» **YOUR GOAL**
Where an entry below contains an image, skip the image and copy the rest exactly.

(Dataset records)
-----
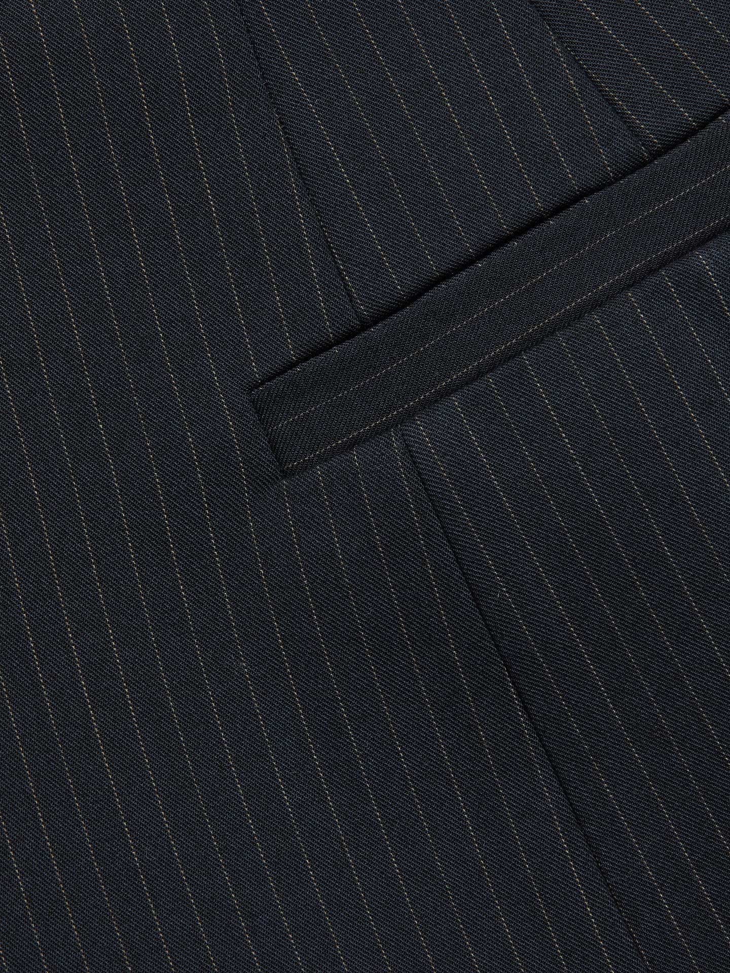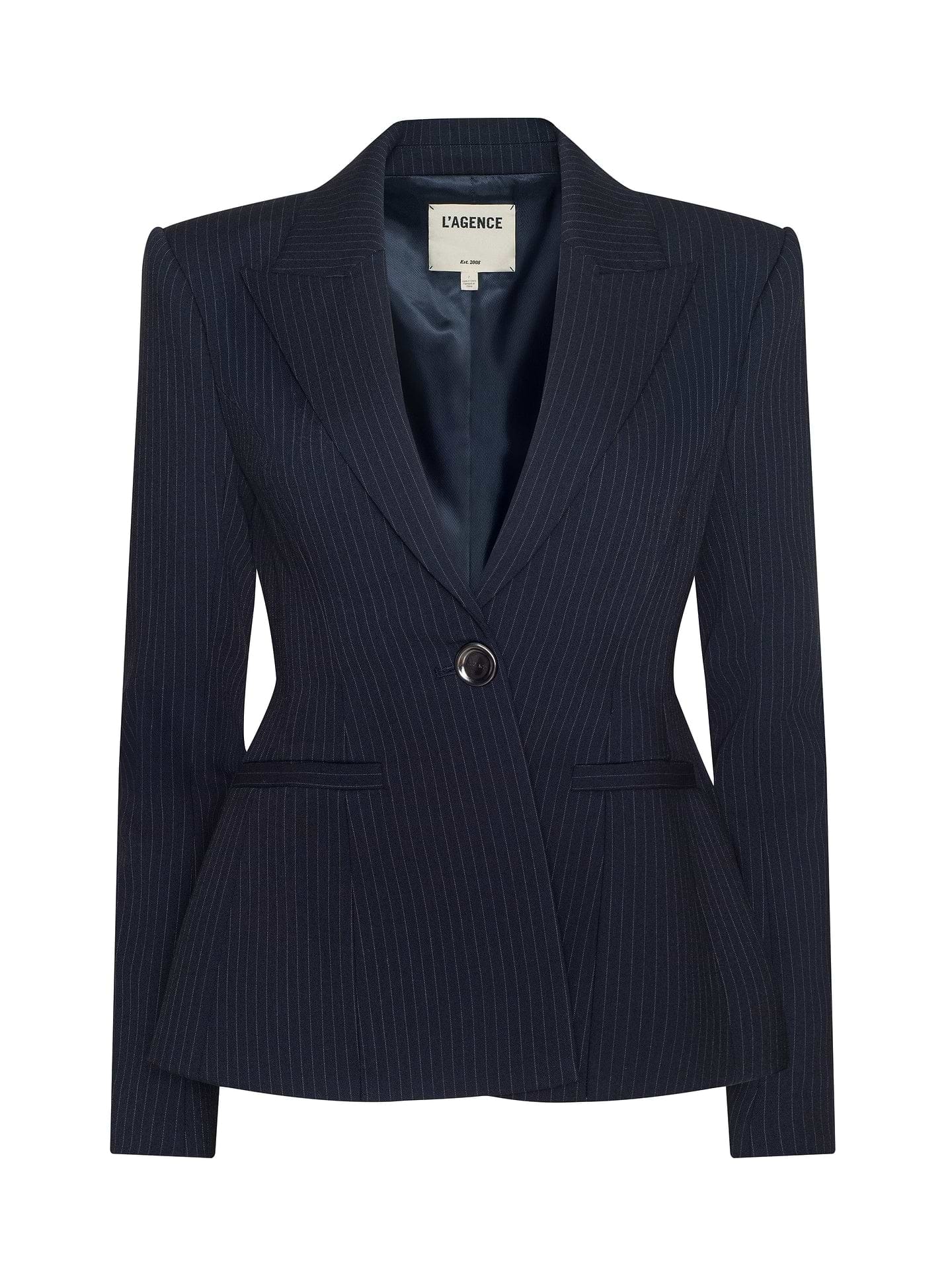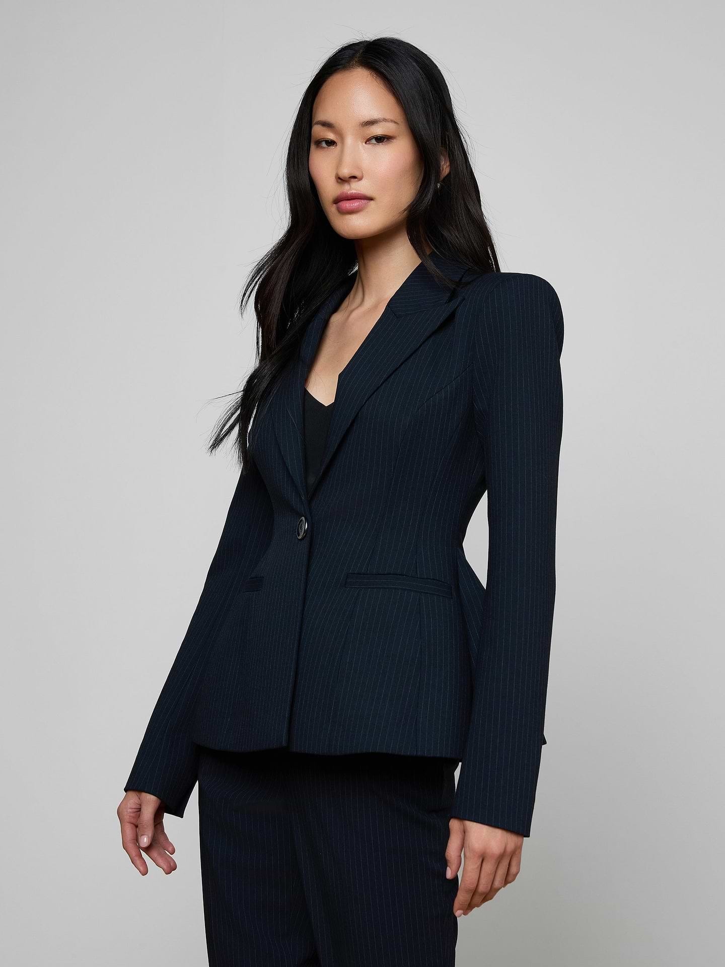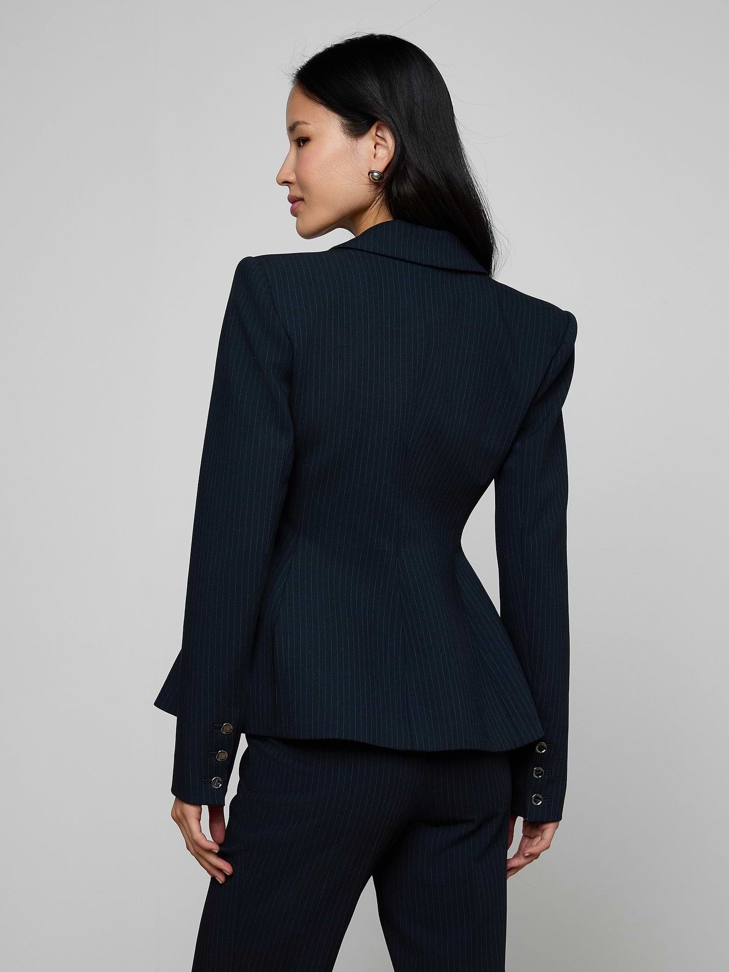 Présenté pour la première fois lors de leur défilé Printemps 2026 à la Fashion Week de New York, le blazer Therese, sculptural et saisissant de L'AGENCE, joue sur les contrastes de formes. Une taille cintrée équilibre un ourlet péplum spectaculaire, tandis que de fines rayures bleu marine classiques harmonisent l'ensemble. Portez-le avec le pantalon Rebel Pinstriped pour une tenue tailleur qui a du punch.
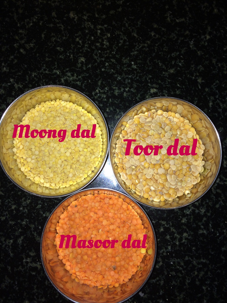 - Take three dal’s together in a pressure cooker and cook them until they are mushy.
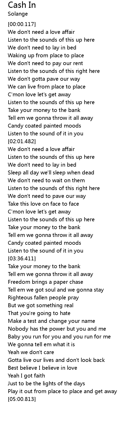 Cash In Lyrics
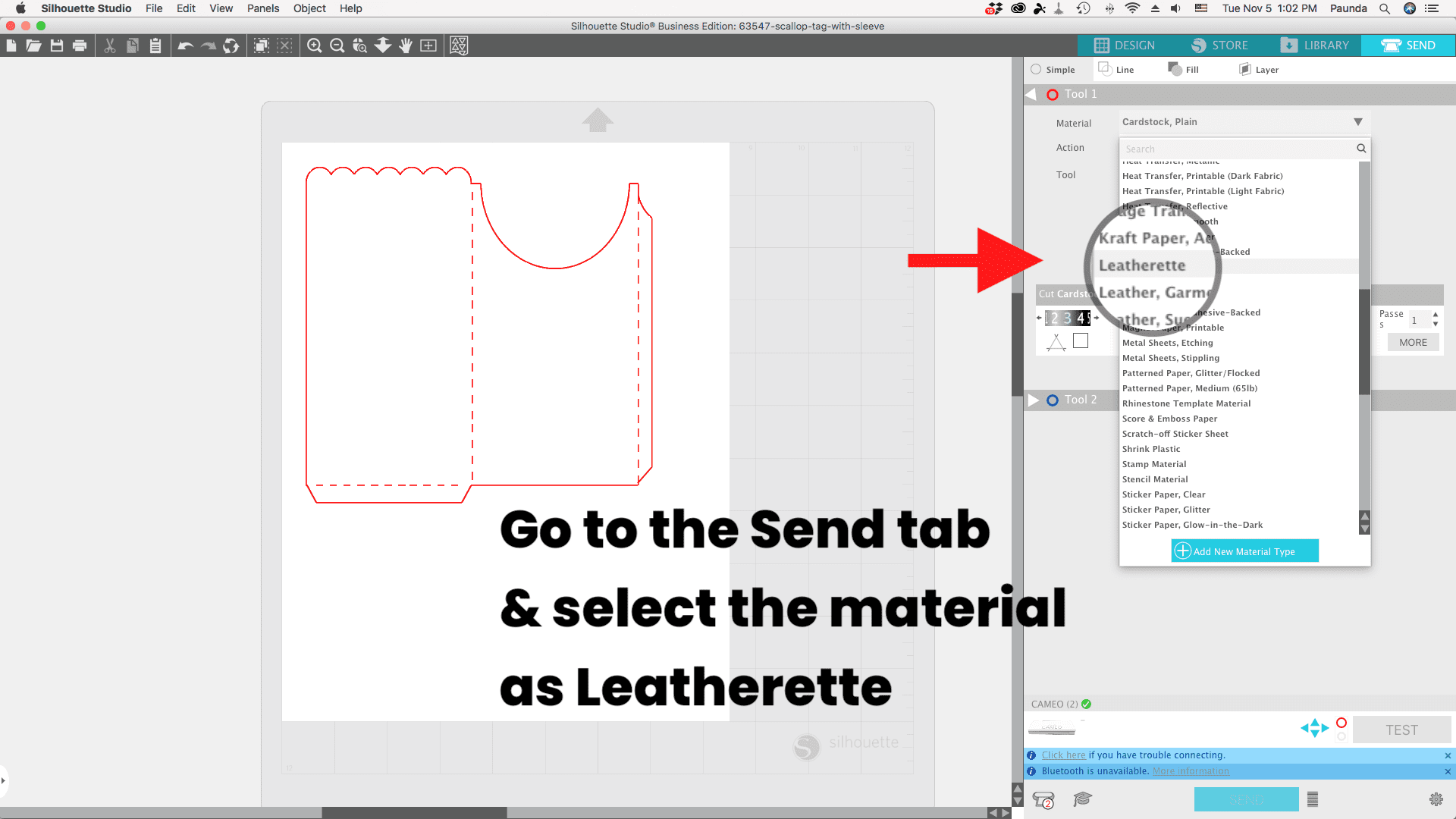 Then go to the “Send” tab and click on the material you are using – Leatherette sheets. The settings for the Leatherette sheets worked perfectly for me. Adjust your blade so it matches, or skip if you are using an autoblade. Then hit Send to start cutting.
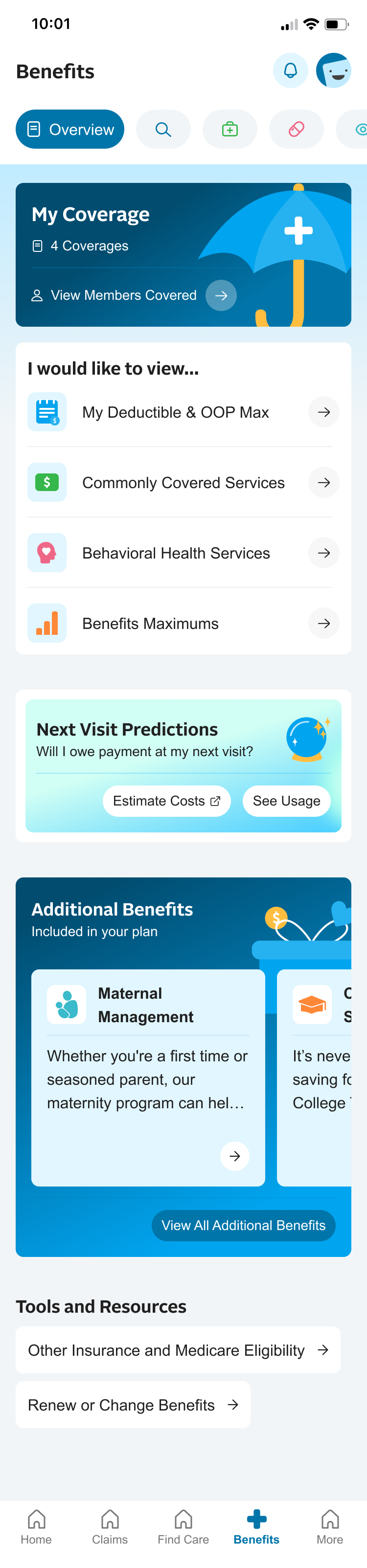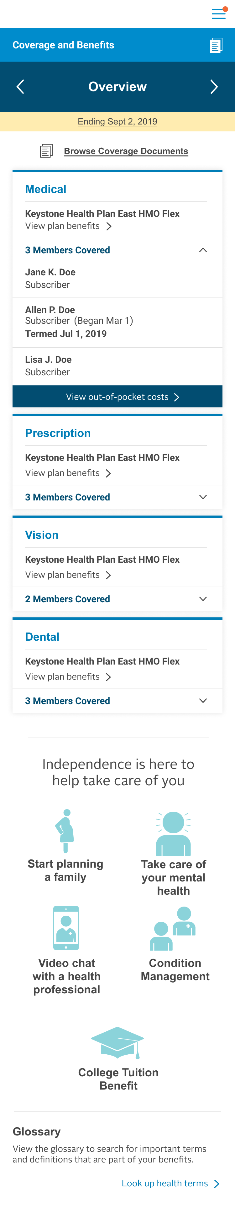 Overview page only shows members covered. Members want to get to coverage information faster.
-----
» **WRITTEN RESPONSE**
 Présenté pour la première fois lors de leur défilé Printemps 2026 à la Fashion Week de New York, le blazer Therese, sculptural et saisissant de L'AGENCE, joue sur les contrastes de formes. Une taille cintrée équilibre un ourlet péplum spectaculaire, tandis que de fines rayures bleu marine classiques harmonisent l'ensemble. Portez-le avec le pantalon Rebel Pinstriped pour une tenue tailleur qui a du punch.
 - Take three dal’s together in a pressure cooker and cook them until they are mushy.
 Cash In Lyrics
 Then go to the “Send” tab and click on the material you are using – Leatherette sheets. The settings for the Leatherette sheets worked perfectly for me. Adjust your blade so it matches, or skip if you are using an autoblade. Then hit Send to start cutting.
 Overview page only shows members covered. Members want to get to coverage information faster.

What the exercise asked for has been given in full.